The discussion also touches the common laboratory situation where the driving field is linearly polarized. In this case, one can view the linearly polarized field as a superposition of equal amplitude left and right circularly polarized components, each rotating at the Larmor frequency but in opposite directions. In the rotating frame, one component becomes time independent while the other rotates rapidly, which motivates the rotating wave approximation. Unlike the exact rotating frame treatment for a single rotating field, the rotating wave approximation is an approximation that neglects rapidly oscillating terms, and the speaker emphasizes that the exact rotating frame transformation already provides deep insight without relying on this approximation for rotating fields.
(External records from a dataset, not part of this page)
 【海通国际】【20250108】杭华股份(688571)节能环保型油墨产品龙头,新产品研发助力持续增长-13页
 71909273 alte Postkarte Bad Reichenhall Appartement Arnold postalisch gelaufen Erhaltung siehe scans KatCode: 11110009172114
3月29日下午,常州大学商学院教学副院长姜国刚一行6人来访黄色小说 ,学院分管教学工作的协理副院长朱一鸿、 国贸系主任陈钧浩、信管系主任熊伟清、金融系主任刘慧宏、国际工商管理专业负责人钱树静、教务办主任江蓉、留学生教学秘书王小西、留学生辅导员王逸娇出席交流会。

Rapid Adiabatic Passage and Spin Inversion

A central topic is rapid adiabatic passage, where the drive frequency is swept through resonance slowly enough that the spin follows the instantaneous eigenstate of the evolving effective field. If the sweep is sufficiently slow compared to the precession set by the effective field, the spin flips direction robustly, even in the presence of modest detunings. This contrasts with a Pi pulse, which relies on exact resonance to fully invert the population. RAP offers a robust method for state manipulation in experiments, particularly where small fluctuations in the magnetic field or drive frequency would otherwise spoil a Pi pulse. The lecture provides a geometric derivation of the generalized Rabi dynamics and shows how the tilt angle between the spin and the effective field governs the precession trajectory and the final state after the sweep.
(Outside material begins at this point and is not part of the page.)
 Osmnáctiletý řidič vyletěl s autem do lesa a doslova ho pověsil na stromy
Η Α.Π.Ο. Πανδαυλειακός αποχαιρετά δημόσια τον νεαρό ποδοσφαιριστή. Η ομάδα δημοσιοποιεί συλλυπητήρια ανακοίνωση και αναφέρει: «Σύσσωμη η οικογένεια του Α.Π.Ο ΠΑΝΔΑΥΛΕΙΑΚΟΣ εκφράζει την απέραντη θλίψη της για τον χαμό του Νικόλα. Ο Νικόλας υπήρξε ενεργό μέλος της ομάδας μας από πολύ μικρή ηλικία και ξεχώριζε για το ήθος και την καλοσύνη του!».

Connections to Quantum Mechanics and Applications to Clocks

The presenter highlights the strong correspondence between the classical precession picture and quantum two-level dynamics for a spin-1/2 system. In quantum language, Rabi flopping and RAP map onto coherent population transfer between eigenstates of a two-level Hamiltonian. The discussion then turns to metrology, contrasting microwave atomic clocks based on cesium hyperfine transitions with optical clocks based on strontium. The precision achievable in these clocks illustrates the extreme sensitivity of spin dynamics to external fields and the importance of robust control methods like RAP. The lecture concludes by outlining practical considerations in real experiments, such as the need for a stable bias field, meticulous control of the transverse drive, and the role of the rotating frame in achieving intuitive understanding and exact solutions.
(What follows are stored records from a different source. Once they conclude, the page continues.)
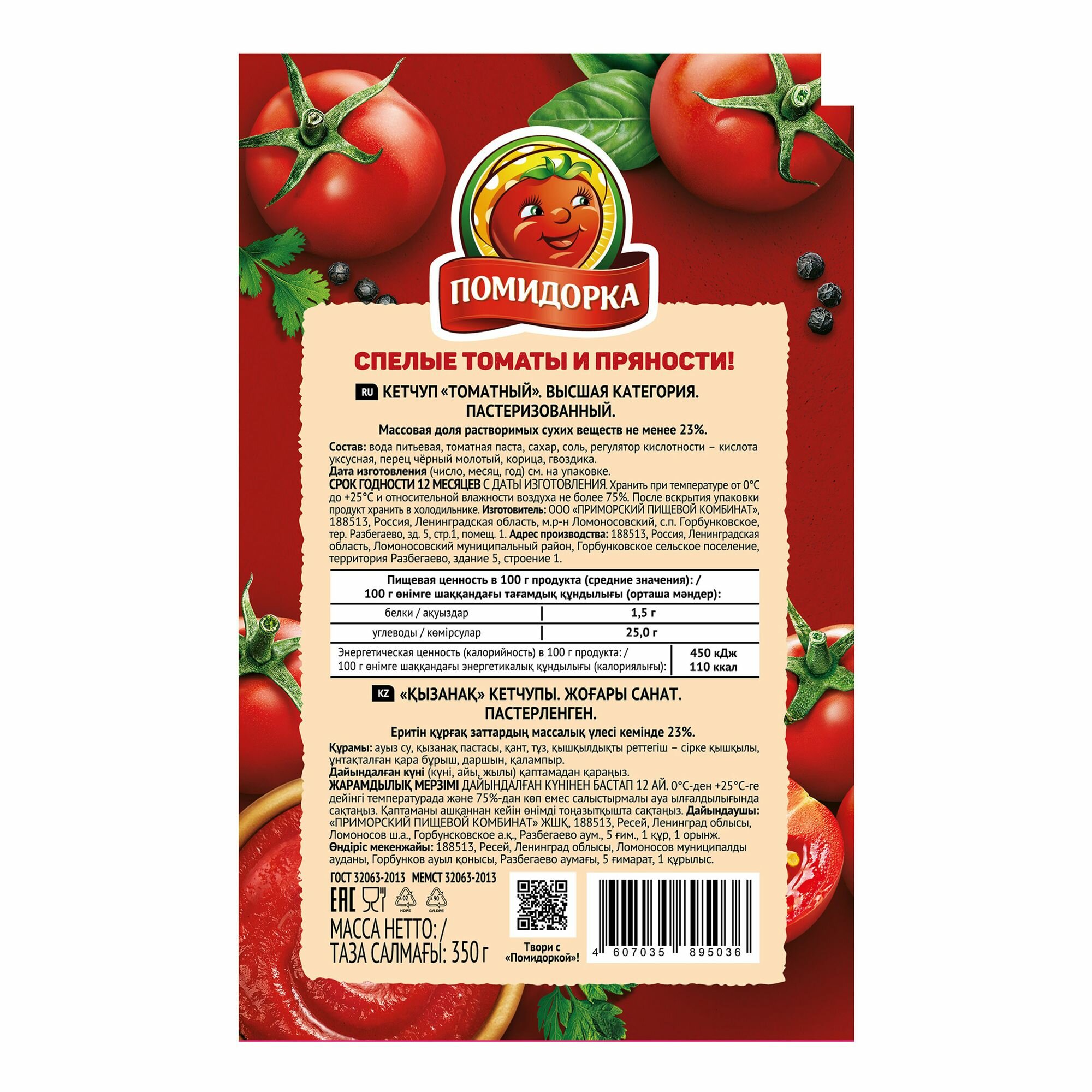Кетчуп ПОМИДОРКА изготавливается на одной из лучших и современных производственных площадок в России, только натуральные ингредиенты, нет загустителей, стабилизаторов, ароматизаторов и консервантов. Высшей категории.
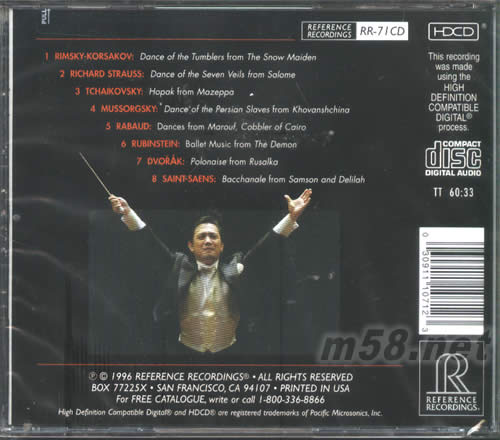 即使再不懂古典音樂的人,吸過這張CD中的音樂恐怕都會點頭稱善。這里的音樂迷人優美一百年后都可以令您大淌口水,24Bit 的 HDCD錄音更可令全世界發燒友喜極而泣,可怕的動態、精致的音場、纖毫畢現的分析力,要什么有什么,真是“燒”焦了!此碟提示音響迷:今后見到 R.R + 大植英次 + HDCD 的唱片張張要買。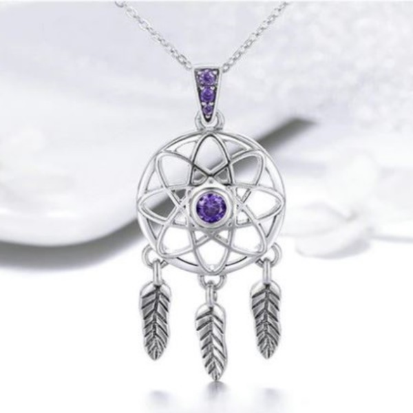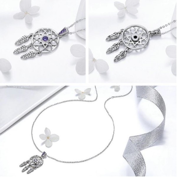Náhrdelník vyrobený zo striebra, s príveskom s vyobrazením lapača snov, zdobený fialovým zirkónovým kryštálom. Dĺžka retiazky je 36-45 cm, váha 5,05 g. Veľkosť prívesku je 1,7 × 3,6 cm.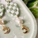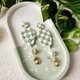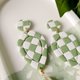 💚【原創手作】Ocean On The Moon - 綠方格盤珍珠月亮軟陶耳環/夾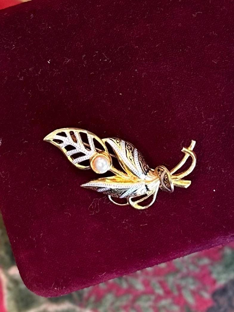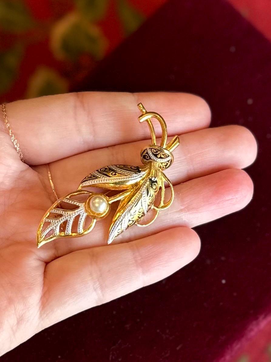 1970s Spanish Damascene Toledo Gold Tone Silver Tone & Black with Faux Pearl Brooch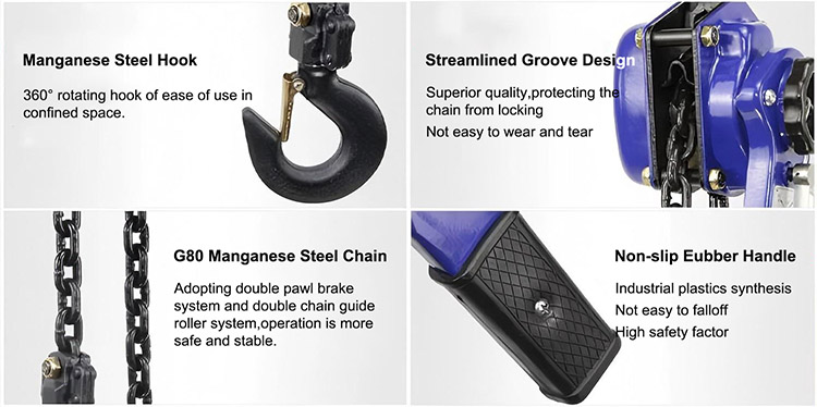 2. 標準揚程: 1.5 メートル、3 メートル、6 メートル、10 メートル、20 メートルなど (シングルチェーンの長さ)。チェーンの長さはカスタマイズ可能です。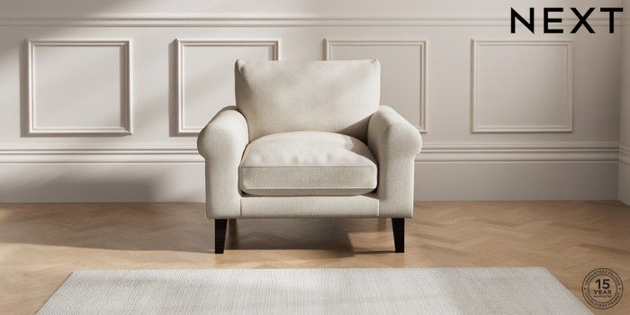 6.12.1 Buy Palermo Relaxed Sit Armchair Tweedy Chenille Oyster Tapered - Dark from the Next UK online shop Click here to use our accessible website

Atomic Clocks and Precision Metrology

The talk surveys modern atomic clocks, including cesium fountain clocks whose definition of the second rests on hyperfine transitions, and strontium optical clocks that operate in the optical domain with extremely narrow transitions. The speaker emphasizes interrogation time, Fourier-limited linewidths, and techniques for stabilizing lasers to reference cavities. These clocks push the boundaries of frequency metrology and demonstrate how precise control of spin dynamics and coherent evolution in rotating frames translates into practical, world-leading time standards. The conclusion ties the physics of rotating frames and generalized Rabi dynamics to the broader field of quantum control and high-precision measurement, illustrating how classical intuition and quantum formalism come together in cutting edge experiments.

Summary and Outlook

Overall, the lecture presents a cohesive framework for understanding spin dynamics under rotating drives through rotating frames, fictitious fields, and generalized Rabi frequencies. It demonstrates how RAP provides robust state inversion and how exact solutions in the rotating frame align with quantum mechanical predictions. The application to atomic clocks provides a compelling demonstration of how these concepts have real world impact in timekeeping and fundamental metrology. The talk also stresses the versatility of the rotating frame approach across different Hamiltonians and experimental contexts, including linear polarization and the rotating wave approximation, and hints at further explorations in quantum control and spintronics that build on these foundational ideas.